Project Embedded Microsystems

We participated in the Graduate College Embedded Microsystems

Domain Specific Languages (DSL)

A DSL is a language which is tailored to a specific class of problems and application domains. Application experts can express their problems in a DSL without programming in the usual sense of the word. By exploting domain-specific knowledge, a DSL compiler can generate better code than a compiler for a general purpose programming languages, at a fraction of the programming effort.

Functional Programming Languages

Functional programming languages are well suited as host languages for so-called open or embedded DSLs, which may also be considered libraries for traditional languages. This approach does not keep the domain expert from programming, but, on the positive side, the open DSL inherits all means of abstractions as well as the development tools of the host language at zero effort.

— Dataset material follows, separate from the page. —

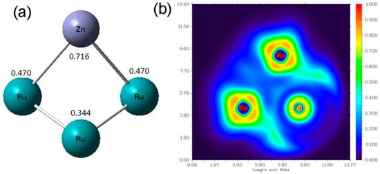 (a) Optimized structure of the Ru-Zn cluster formed by one Zn2+ and three Ru atoms as well as their positive electrical charges; (b) electron density map of one Zn2+ and two closest Ru atoms.

There are two projects using this approach with the host language Haskell. The project WASH developed a DSL for creating interactive web pages and to manipulate XML-data. The project HaGen creates a DSL for metaprogramming.

Partial Evaluation

Partial evaluation (program specialization) is a general program optimization technique. It is also applicable to implementing so-called closed DSLs. Starting from an optimizing interpreter for a DSL, a partial evaluator can create an optimizing compiler for the DSL at the push of a button. Our program specializer PGG implements such a powertool for the programming language Scheme. The system comes with many applications and is continually extended and improved.

In the MLOPE project, we developed a partial evaluator for a large fragment of the Standard-ML language. We are also looking at the theoretical foundations of program generation and metaprogramming for object oriented languages.